Positive Feedback in the Economy

These two papers are pretty similar and are written by the same author, W. Brian Arthur: Positive Feedbacks in the Economy,

Competing Technologies, Increasing Returns, and Lock-In Historical Events. Both papers are from the late ’80s, and show that the idea of Network Effects dates back, although in these paperes it is discussed in terms of positive feedback. The paper mentions the example that Professor Easley gave of the classic Betamax versus VHS adoption, where it is argued that it is not superior technology that won out, and that the outcome was influenced by luck. In a sense, this also is symmetry breaking, as “Both systems were introduced about the same time and thus started with roughly equal market shares, but those shares fluctuated early on due to external circumstance, “luck” and other actions by companies manouvering for position.” The paper talks about two positive feedback loops which we have discussed as network effects,”the more people adopt a particular technology, the more it improves, and the more incentive there is for further adoption,” and, “increasing adoption makes it advantageous for newcomers to a field–who must exchange information or products with those already working in the field–to fall in with the standard.”

These papers also combine some of the earlier topics, such as graph theory and the importance of building ties, “…hi-tech products, unlike bulk goods, require specialized marketing and good relationships with customers. Increasing market share requires building a network of such ties; the more extensive this network the easier further increases become.”

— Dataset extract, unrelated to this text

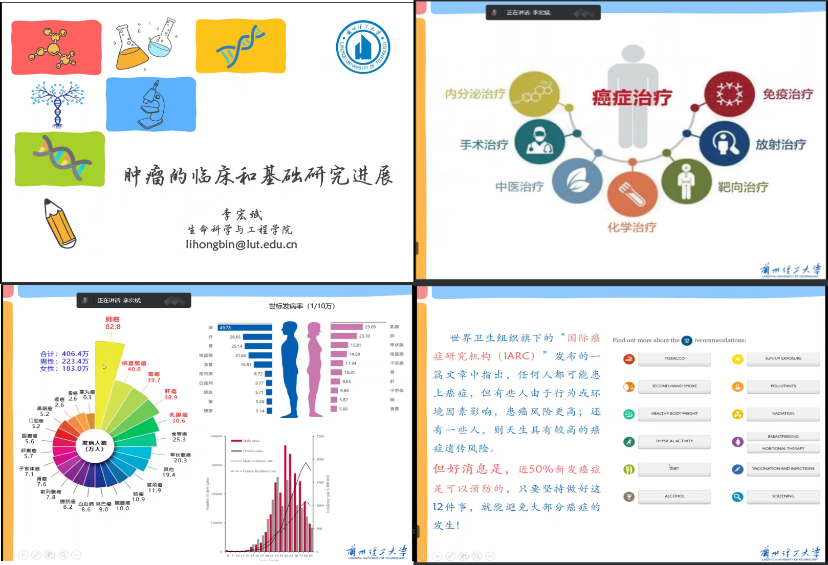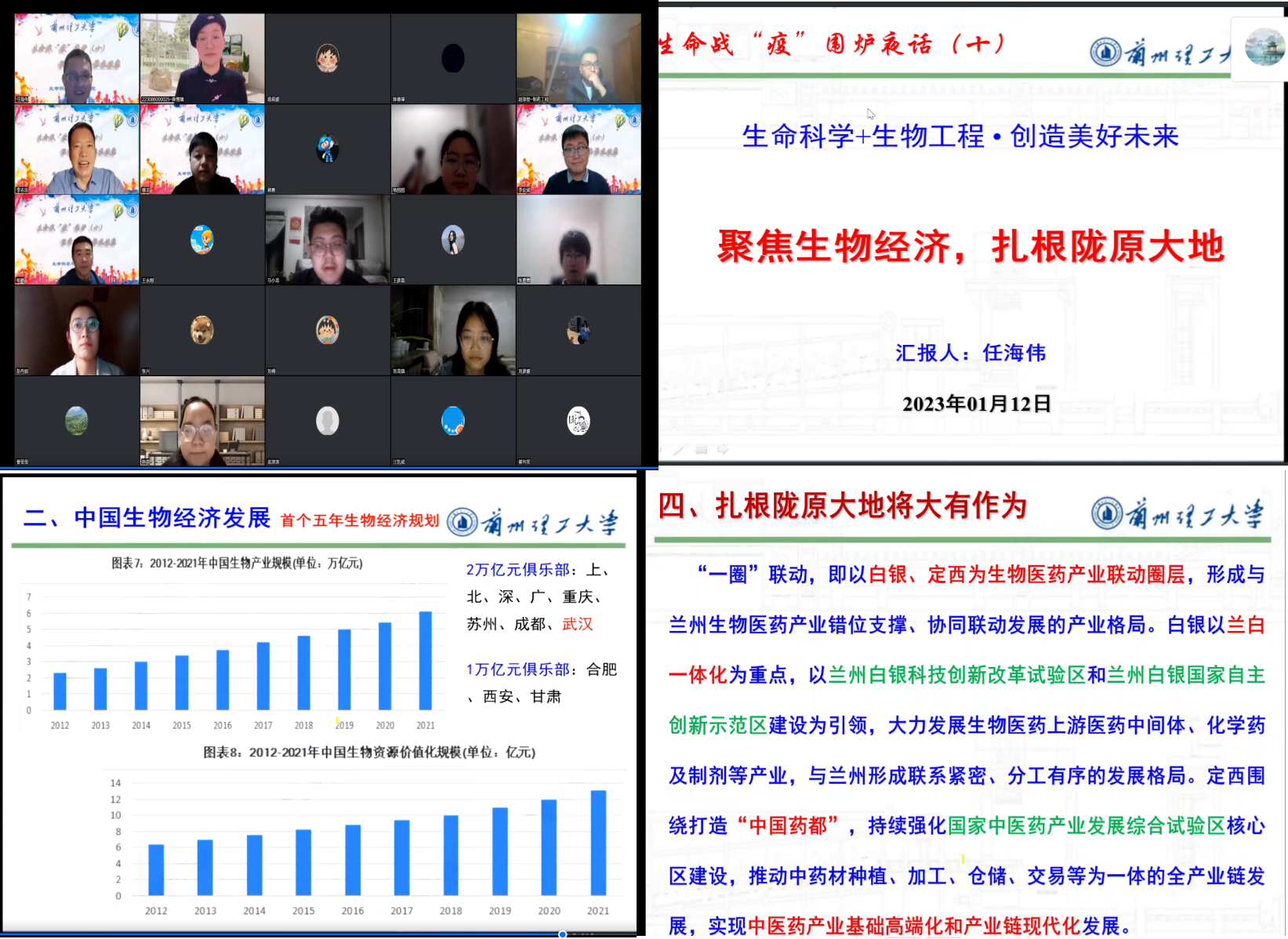 李宏斌在《肿瘤的临床和基础研究进展》中介绍了肿瘤临床研究进展和治疗方法,分享了在川大七年“筑基”、兰州生物制品所三年“养基”、中科院近物所博士“强基”,获得“李宏斌博士服”的奋斗经历。赵添堃在《我的留学生涯》中回顾了经过郑州大学药学、上海大学有机化学七年“阵痛”获得“新生”,“行万里路”到德国康斯坦斯大学(博士)、美国德州农工大学(博士后)“读万卷书”,学成归来报效祖国。任海伟在《扎根陇原大地,聚焦生物经济》中阐述了世界和中国生物经济及其未来发展方向,鼓励生命学子要热爱专业,将自己奋斗融入国家需求和时代发展的潮流之中,勇担历史使命,为实现中华民族伟大复兴的中国梦贡献青春的力量。

Also interesting in the papers is seeing the nascence of this analysis and the quasi-prediction that it would become more common as technology develops, “If increasing-returns mechanisms are important, why have they been largely ignored until recently? Some would say that complicated products–high technology–for which increasing returns are so prevalent, are themselves a recent phenomen. This goes back to what was said in class that the very low marginal cost involved is also important to creating network effects, where distributing more units of already programmed software can be simplified to having no marginal cost.